Was It Worth the Cost?
Tampa, like other cities, has a looming budget deficit that resulted in widespread layoffs that were needed to get the city's finances under control. This has made some people question whether the city could afford such a large event in times of hardship.

A sandwich shop near the convention center reported that only two customers visited for lunch on one of the convention days, and another restaurant owner speaking to reporters said that business was significantly lower than average during the convention. Reports like these are widespread throughout the media. Although some business owners blame tropical storm Isaac for keeping people out of the Tampa area longer than expected, some have seen other problems. The sub shop that saw only two customers could only be reached by asking a police officer to open a security wall, and other security measures like the multiple road closures left some businesses inaccessible to customers during the convention.

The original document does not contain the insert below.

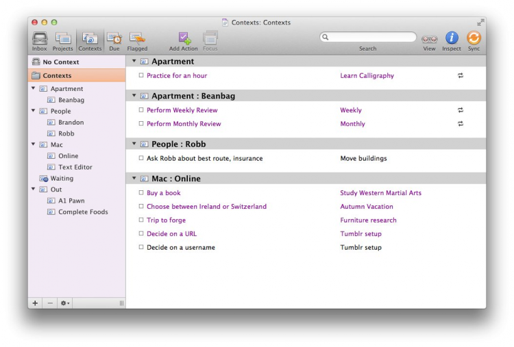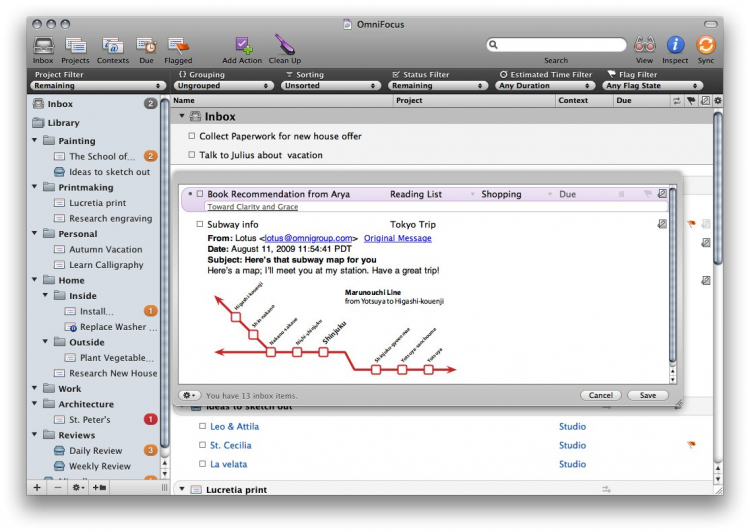 OmniFocus - ваш личный менеджер задач. Позволяет организовывать списки дел в удобном виде и сосредотачиваться на самых важны и актуальных делах. Задачи можно делить на катеогрии, колличество которых неограниченно, сортировать, фильтровать по различным критериям, искать их. А чтобы список дел всегда был под рукой, есть возможность синхронизации между несколькими компьютерами и мобильными устройствами.

Other business owners reported that some events were organized in a way that kept convention goers confined instead of encouraging them to visit local businesses throughout Tampa and the surrounding communities. Philip Porter, an economics professor who studies the economic impact of major events, called the $150 to $200 million estimate, "absurd." He believes that if 50,000 came to Tampa for the convention and purchased food, T-shirts and other small items, that they wouldn't have spent $200 million.

The Bottom Line
The figures are not yet available for the 2012 convention, but if the 2008 Republican National Convention that took place in Minneapolis/St. Paul is used as a guide, Tampa, Fla. should expect to see $150 to $175 million worth of local economic benefit. According to reports, the Minneapolis/St. Paul convention brought roughly $168 million in direct and indirect spending. That's a decent return for hosting a party.